As part of the GeoTrac project ( http://projects.openplans.org/GeoTrac/ ), I set off to be able to query on tickets via shapefiles ( http://projects.openplans.org/GeoTrac/ticket/78 ). I didn’t know anything about shapefiles before beginning this, and I still don’t know much, except that I’m not a big fan. So I consulted the font of knowledge: http://en.wikipedia.org/wiki/Shapefile
Shapefiles are several files that have different extensions but the same “first name”. Its the kind of convention someone would come up with if they were being “clever” (see http://www.statusq.org/archives/2006/11/03/1193/ ). Three files are mandatory:
* .shp — shape format; the feature geometry itself
* .shx — shape index format; a positional index of the feature geometry to allow seeking forwards and backwards quickly
* .dbf — attribute format; columnar attributes for each shape, in dBase III format (from http://en.wikipedia.org/wiki/Shapefile )

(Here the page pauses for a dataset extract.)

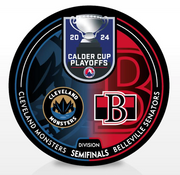 Collect all 2024 Calder Cup Playoffs dueling souvenir pucks including this puck from the Cleveland Monsters vs Belleville Senators 2024 North Division Semifinals.

Unfortunately, these three files contain no projection information and so do not actually give you enough information to tell where the geometry is on a map. There is an optional .prj file * .prj — projection format; the coordinate system and projection information, a plain text file describing the projection using well-known text format (from http://en.wikipedia.org/wiki/Shapefile ). So while we didn’t have a .prj file to start off with or know the projection that we needed to figure out where the geometry lived on the map, this seemed the right approach to specifying geometry.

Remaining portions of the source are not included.